Normally, states redraw maps once a decade with new census figures. But Trump is lobbying other conservative-controlled states like Indiana and Missouri to also try to squeeze new GOP-friendly seats out of their maps as his party prepares for a difficult midterm election next year.

In Texas, Democrats spent the day before the vote continuing to draw attention to the extraordinary lengths the Republicans who run the legislature were going to ensure it takes place. Democratic state Rep. Nicole Collier started it when she refused to sign what Democrats called the “permission slip” needed to leave the House chamber, a half-page form allowing Department of Public Safety troopers to follow them. She spent Monday night and Tuesday on the House floor, where she set up a livestream while her Democratic colleagues outside had plainclothes officers following them to their offices and homes.

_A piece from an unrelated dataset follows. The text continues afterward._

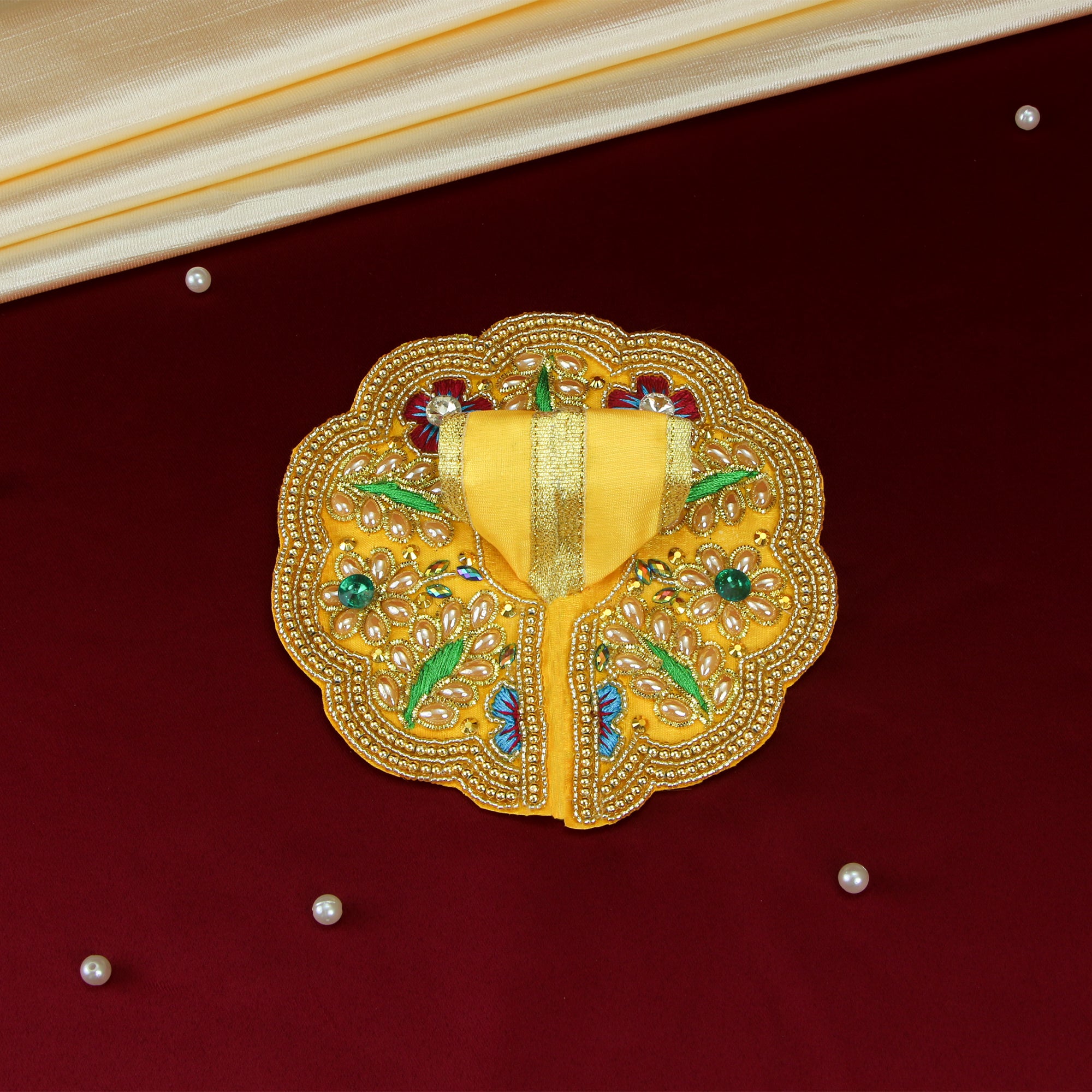 Laddu Gopal Yellow Dress - Handcrafted, Floral Work Peacock Design

Dallas-area Rep. Linda Garcia said she drove three hours home from Austin with an officer following her. When she went grocery shopping, he went down every aisle with her, pretending to shop, she said. As she spoke to The Associated Press by phone, two unmarked cars with officers inside were parked outside her home.

“It’s a weird feeling,” she said. “The only way to explain the entire process is: It’s like I’m in a movie.”

The trooper assignments, ordered by Republican House Speaker Dustin Burrows, was another escalation of a redistricting battle that has widened across the country. Trump is pushing GOP state officials to tilt the map for the 2026 midterms more in his favor to preserve the GOP’s slim House majority, and Democrats nationally have rallied around efforts to retaliate.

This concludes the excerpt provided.